Patrick Pouyanné (CEO)
No. We will not breach. Okay? We told you we confirmed $17 billion-$18 billion, so we confirm it. In fact, just to be transparent with you, the organic CapEx by the end of September were around $12.5 billion. So if I'm adding another $3 billion-$4 billion, you will go to $16.5 billion. There might be more M&A, more acquisitions by divestment, so I'm fine. I think, again, we are today in terms of global net CapEx at $14 billion by the end of this September. So that means we confirm the guidance of $17 billion-$18 billion. So you make the difference between $17 billion-$18 billion and $14 billion. It makes $3 billion-$4 billion of CapEx, which is quite consistent with what we just said. And it includes, to be clear, I include in that the possibility that we close these OMV acquisitions in Malaysia. We'll see.

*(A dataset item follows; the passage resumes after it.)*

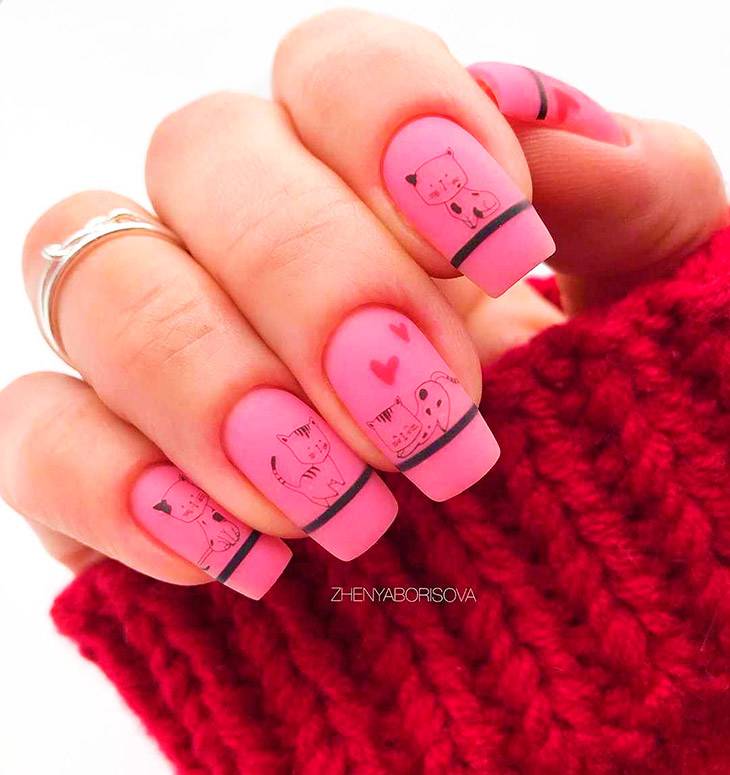 Невероятно красиво подобные гаммы предстают в матовой интерпретации, делая цвет еще более нежным и спокойным. Разнообразить нежно-розовый маникюр с дизайном помогут рисунки и узоры в стиле минимализма: некрупные цветы и листья, полосы, точки.

I mean, it's a process which is not fully under control, but this is where we are. So I think $12.5 billion organic, you can calculate. We are not at the high end of these $18 billion we mentioned for next year. We are far from it from this year in terms of organic. We'll be probably around $16 billion. Okay?
Jason Gabelman (Managing Director)
Great. Thanks.
Patrick Pouyanné (CEO)
Good.
Operator (participant)
Jason, do you have any closing comments?
Patrick Pouyanné (CEO)
Yeah, we'll have some comments. So thank you for the attendance. Okay. Again, I think the quarter, of course, is lower than the previous ones. That's clear because we have been, I would say, at this refining margin, but it's part of the integrated value chain. At the end, we are comfortable with the fact that we are on the right track to deliver. The full year will be in line with our expectations. We have confirmed with the board the return to shareholders and the strong return to shareholders guidance. Keep in mind that the year 2025 will also be positive. We told you in New York that we'll enter into a growth cycle, including on the hydrocarbon productions, more than 3%. And I can confirm you, we had very good news yesterday afternoon. Mero 3 has started up, so the ramp-up will begin.
We had Mero 2, which is going to its maximum. And so I can confirm to you that 2025, we'll have a production more growth by more than 3%. So that also will help, of course, the resilience of the model. And so thank you again for your support and for having listened to us. And I hope we'll have to meet you again in coming weeks.